The conservative press is not immune. A piece in the Washington Free Beacon by Alana Goodman entitled “Rand Paul’s Russia Connection” went to great lengths to smear (via anonymous sources) the Washington, DC-based think tank, The Center for the National Interest as agents of Russian influence. Goodman accused think tank chairman Dimitri Simes of providing “a sympathetic platform for the Russian government in the heart of the D.C. policy establishment.” Still worse, according to Goodman, the center’s “ties to Moscow extend throughout the organization.”
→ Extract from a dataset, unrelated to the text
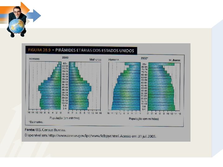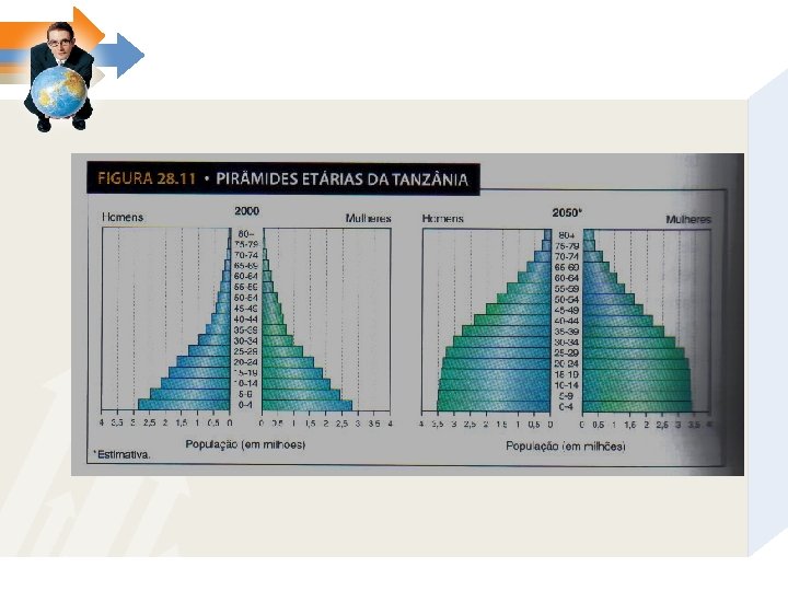 O que são pirâmides etárias? • Representação gráfica que relaciona a população por idades e por sexo
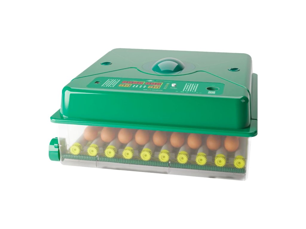 - Poloautomatické otáčení: Pomocí vnějšího otočného mechanismu naklápíte vejce bez nutnosti otevírat líheň. Tento systém zamezuje kolísání teploty a vlhkosti, což výrazně zvyšuje procento vylíhnutých mláďat.

This localized outbreak of paranoid Russophobia in 2014, has, in the months following the 2016 election, morphed into a pandemic. Yet a key distinction should be made between what occurred during the 1950s and what is now unfolding. The wave of political resentment and repression that emerged in the era of Joe McCarthy and Roy Cohn was fueled by a populist rage aimed at the elite. This rage focused in particular on the so-called “pin-stripe set” at the State Department, of whom patrician diplomats like Dean Acheson and the notorious Alger Hiss were representative characters.

The curious thing about the current iteration of Russia hysteria is that the dynamic has now been reversed. Rather than being driven by a wave of popular sentiment, today’s hysteria is a product of elite resentment, suspicion, and anger over Clinton’s loss to the populist Trump. Then, of course, there is the added element of blame shifting. Democrats are clearly seeking to blame Clinton’s loss on Russia, and the Kremlin offers a convenient foreign target. But is it the Russians, or is it the Clinton campaign that is really to blame?

And so there is a sad irony in the fact that in order to delegitimize Trump, Democrats have been busy embracing the tactics of Trump’s longtime mentor, Roy Cohn—relying on xenophobic fear mongering and character assassination to make their case. Yet embracing America’s worst political traditions in pursuit of scoring political points against Trump is not just unwise. In the end, it is bound to backfire.